All of this was a godsend to the “small-state” ideologues. “See!”, they say – “see what government can do if you don’t shrink them”. But then, of course, these are the same folk who profited from the bloodshed. Shrink the state so that it does no good, but for God’s sake don’t shrink it so much that it can do no harm – just remember who owns you. The trillion dollar war ensured that money was cycled away from the working class and public services and into the pockets of Haliburton-and-friends, a trickle-up effect that ensured that the former have no viable voice. Rinse/repeat in 2008 with the banks.
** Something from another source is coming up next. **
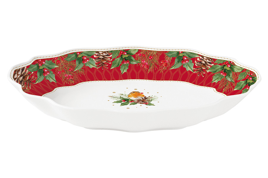 Блюдо, 30х21 см, фарфор P, белое, с красным кантом, овальное, Ягоды и листья, Christmas Berries

The moral of the story is to never confuse small government with good government.

Perhaps the most enduring effect of this decade is the sense that the American era is coming to a close. 9/11 marked the end of myth of American imperviousness to the outside world. The Iraq war busted the myth of their military omnipotence. It survived the disaster of Vietnam because there was the ever-present Evil Empire, but in the face of petty guerrilla warfare it looked frail. The banking crisis and the subsequent years displayed a nation that no longer has a workable economic model (and, with perfect hindsight, hasn’t had for quite some time). An unbridgeable ideological divide is ensuring that the only way is down. And descending with it is the 51st state – a Britain that continues to reject its geography and history in favour of supporting the outdated ideals of a nation separated from it by a common language.
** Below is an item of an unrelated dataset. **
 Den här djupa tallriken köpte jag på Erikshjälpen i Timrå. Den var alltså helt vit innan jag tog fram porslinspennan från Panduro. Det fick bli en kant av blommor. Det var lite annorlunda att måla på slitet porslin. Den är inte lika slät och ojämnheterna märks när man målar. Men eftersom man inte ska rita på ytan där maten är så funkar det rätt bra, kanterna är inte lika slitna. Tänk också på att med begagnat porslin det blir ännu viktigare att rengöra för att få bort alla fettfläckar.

For me, it’s been a period of waking from my dogmatic slumbers, to steal the line from Kant. My life has been coloured by 9/11 ever since that day. Born in me was that nagging sense that things were not right with the world. It has seeded what music I’ve written. It has been present in the oceans of reading that I’ve drowned myself in ever since. Most of all it has ignited a passion for political philosophy and thought, and history, and the search to understand something about the nature of human relationships in society, something that has come into its own since 2008. Some days I sympathise with friends who think that humanity is beyond redemption. Some days I feel that heavily. But I drag myself up from it. Sleep was warm and cosy, even as the external noises intruded on my dreams with ever greater volume. The awakening has been reluctant and I still have a long way to go. But I’ve learned a lot. It’s not easy to suspect that something just isn’t right. It’s harder to discover why it’s not right. And it’s harder still to then have the courage to articulate it. But it’s worth it. Periods of fear and uncertainty are powerful tools for those who would like to burn bridges and build walls rather than construct commonality. The result is more fear and uncertainty. We must fight harder than ever when the fighting is more difficult. And now, at least as much as during the war on terror, the danger is great. And it’s ok to be wrong if you can admit it and learn from it – error is our greatest teacher. I’m not certain of much, but on that, at least, I know that I’m not wrong.